Would you give the listing again exactly, without its images?

━━━━━ Stored data

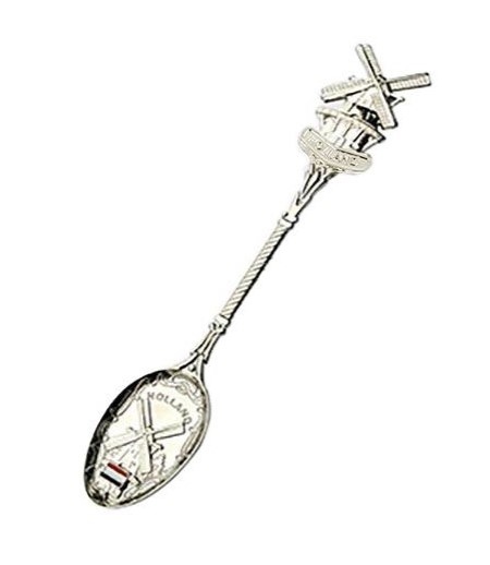 Theelepel met Hollands relief in de schaal van de lepel. Afmeting 14x2,5 cm Wordt geleverd in mooie (geschenk)cassette (Zilverkleur) Molen
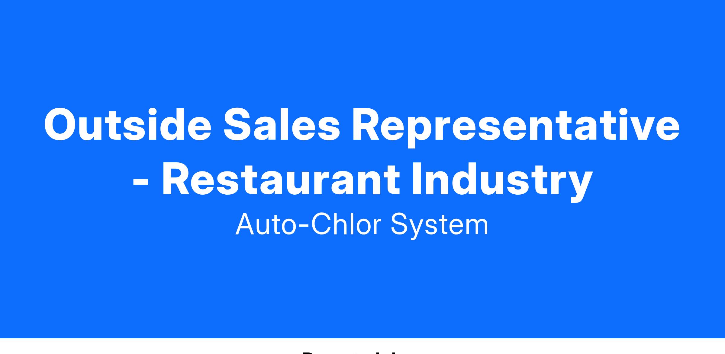 Join Auto-Chlor Systems as a Territory Sales Representative and seize the opportunity to sell to restaurants throughout the Spokane Valley marketplace. With territory expanding from parts of Idaho, all the way to the Tri-Cities, the restaurant industry is an exciting market with the chance to connect with a diverse and interesting clientele. Enjoy high commissions, a short sales cycle for strong cold callers and closers, and support from a great team.
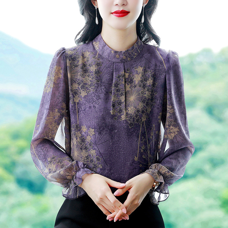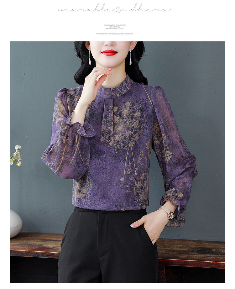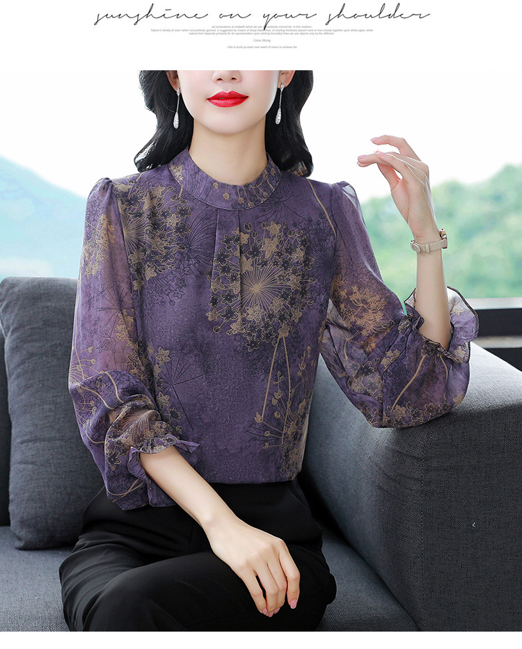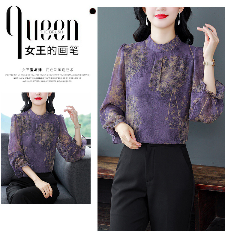 리얼 샷 라이트 럭셔리 패션 인쇄 꽃 셔츠 여성의 여름 새로운 우아한 서양 스타일 슬리밍 긴 소매 셔츠스토어 가기
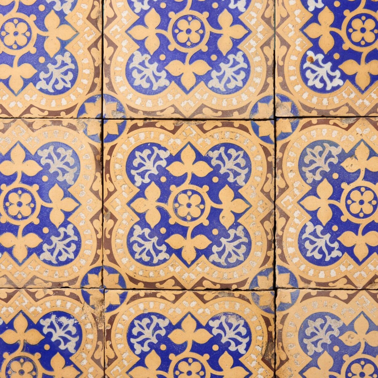 back to topA set of 9 reclaimed Minton encaustic floor tiles perfect for a period cottage or townhouse. The set comprises of nine 6-inch by 6-inch tiles in Pugin style with a repeating mustard and white floral pattern with stylised foliage and a blue background.
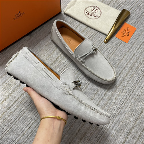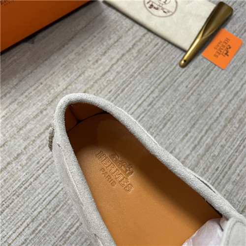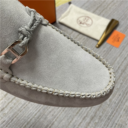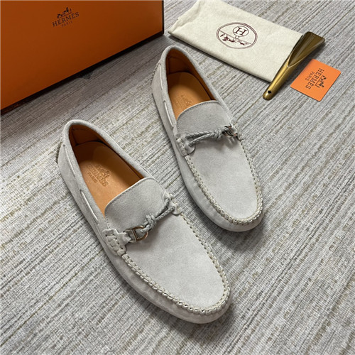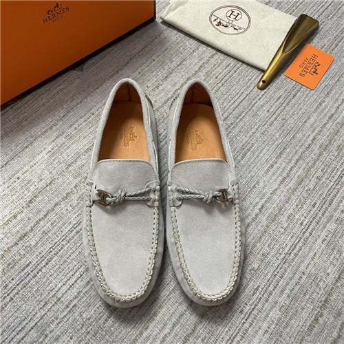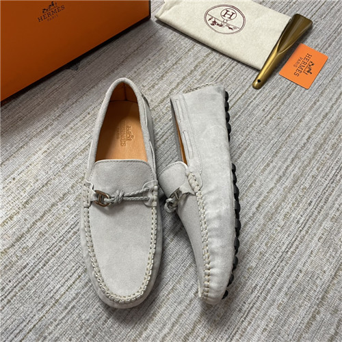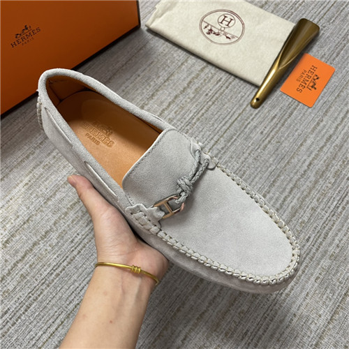 ,S0474エルメスメンズレザーローファー,グレー
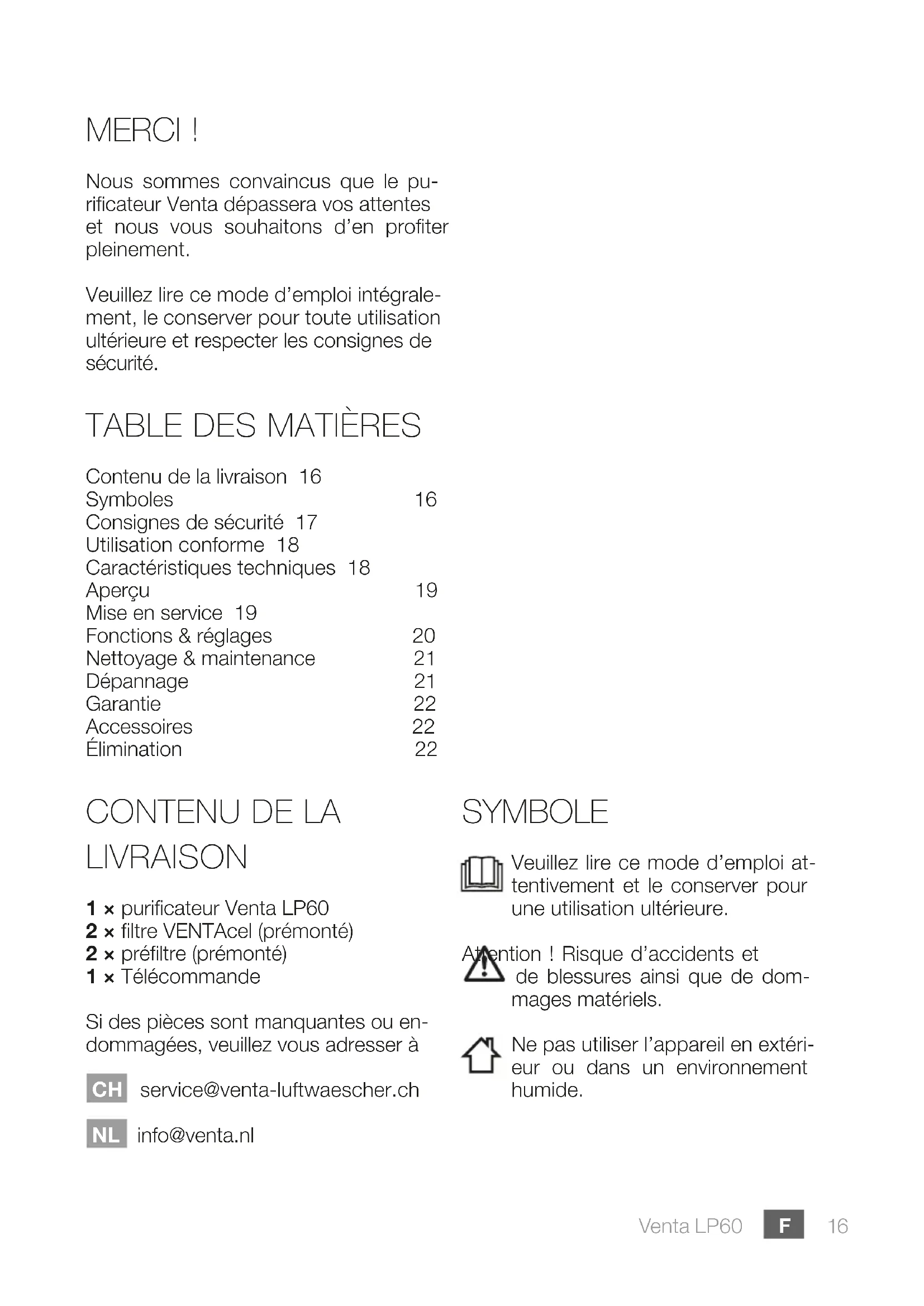 LIVRAISON 1 × puricateur Venta LP60 2 × ltre VENTAcel (prémonté) 2 × préltre (prémonté) 1 × Télécommande Si des pièces sont manquantes ou en- dommagées, veuillez vous adresser à CH service@venta-luftwaescher.ch NL info@venta.nl
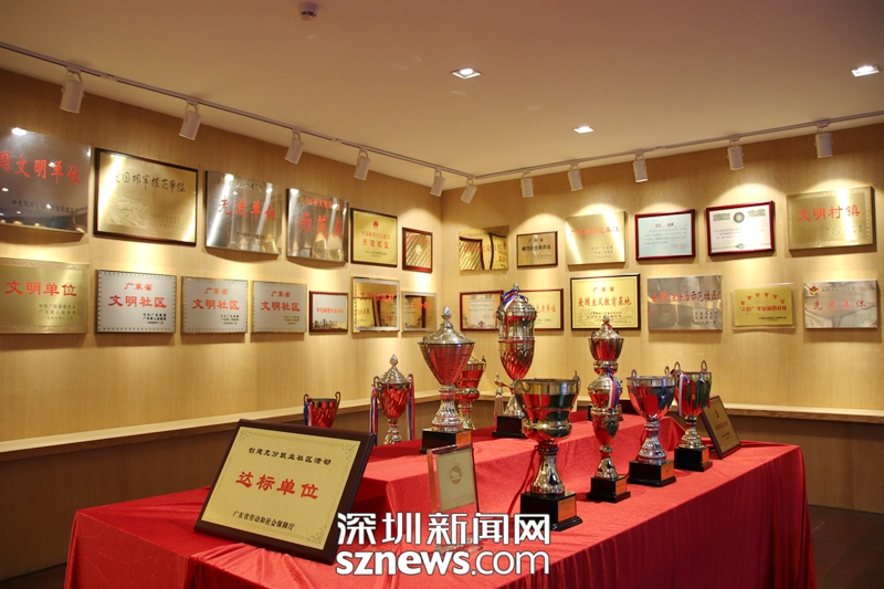 南嶺村村史展覽館里陳列歷年來(lái)獲得榮譽(yù)牌匾和獎(jiǎng)杯
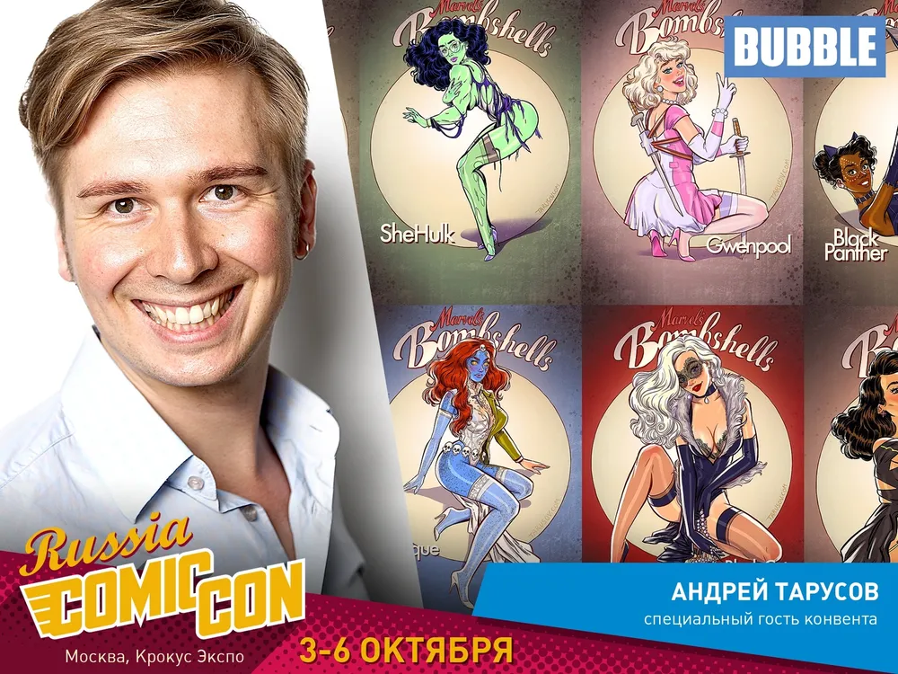 Даже если имя этого гостя вам покажется вам незнакомым, вы все скорее всего видели его работы – тематические пин-ап календари («Olympic Pin-Up», «Осторожно, Крым», «Россия Будущего»), жаркие иллюстрации с персонажами Marvel, Star Wars, Games Of Thrones и многие другие. Сейчас Андрей Тарусов живёт в Лос-Анджелесе, сотрудничает с Disney, 20th Century Fox и другими крупными компаниями.
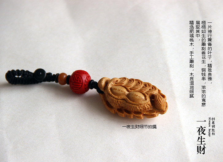 桃木一夜生财:高50mm*宽30mm,精制淡雅。

━━━━━━━━━━

Answer for this exercise
 Theelepel met Hollands relief in de schaal van de lepel. Afmeting 14x2,5 cm Wordt geleverd in mooie (geschenk)cassette (Zilverkleur) Molen
 Join Auto-Chlor Systems as a Territory Sales Representative and seize the opportunity to sell to restaurants throughout the Spokane Valley marketplace. With territory expanding from parts of Idaho, all the way to the Tri-Cities, the restaurant industry is an exciting market with the chance to connect with a diverse and interesting clientele. Enjoy high commissions, a short sales cycle for strong cold callers and closers, and support from a great team.
 리얼 샷 라이트 럭셔리 패션 인쇄 꽃 셔츠 여성의 여름 새로운 우아한 서양 스타일 슬리밍 긴 소매 셔츠스토어 가기
 back to topA set of 9 reclaimed Minton encaustic floor tiles perfect for a period cottage or townhouse. The set comprises of nine 6-inch by 6-inch tiles in Pugin style with a repeating mustard and white floral pattern with stylised foliage and a blue background.
 ,S0474エルメスメンズレザーローファー,グレー
 LIVRAISON 1 × puricateur Venta LP60 2 × ltre VENTAcel (prémonté) 2 × préltre (prémonté) 1 × Télécommande Si des pièces sont manquantes ou en- dommagées, veuillez vous adresser à CH service@venta-luftwaescher.ch NL info@venta.nl
 南嶺村村史展覽館里陳列歷年來(lái)獲得榮譽(yù)牌匾和獎(jiǎng)杯
 Даже если имя этого гостя вам покажется вам незнакомым, вы все скорее всего видели его работы – тематические пин-ап календари («Olympic Pin-Up», «Осторожно, Крым», «Россия Будущего»), жаркие иллюстрации с персонажами Marvel, Star Wars, Games Of Thrones и многие другие. Сейчас Андрей Тарусов живёт в Лос-Анджелесе, сотрудничает с Disney, 20th Century Fox и другими крупными компаниями.
 桃木一夜生财:高50mm*宽30mm,精制淡雅。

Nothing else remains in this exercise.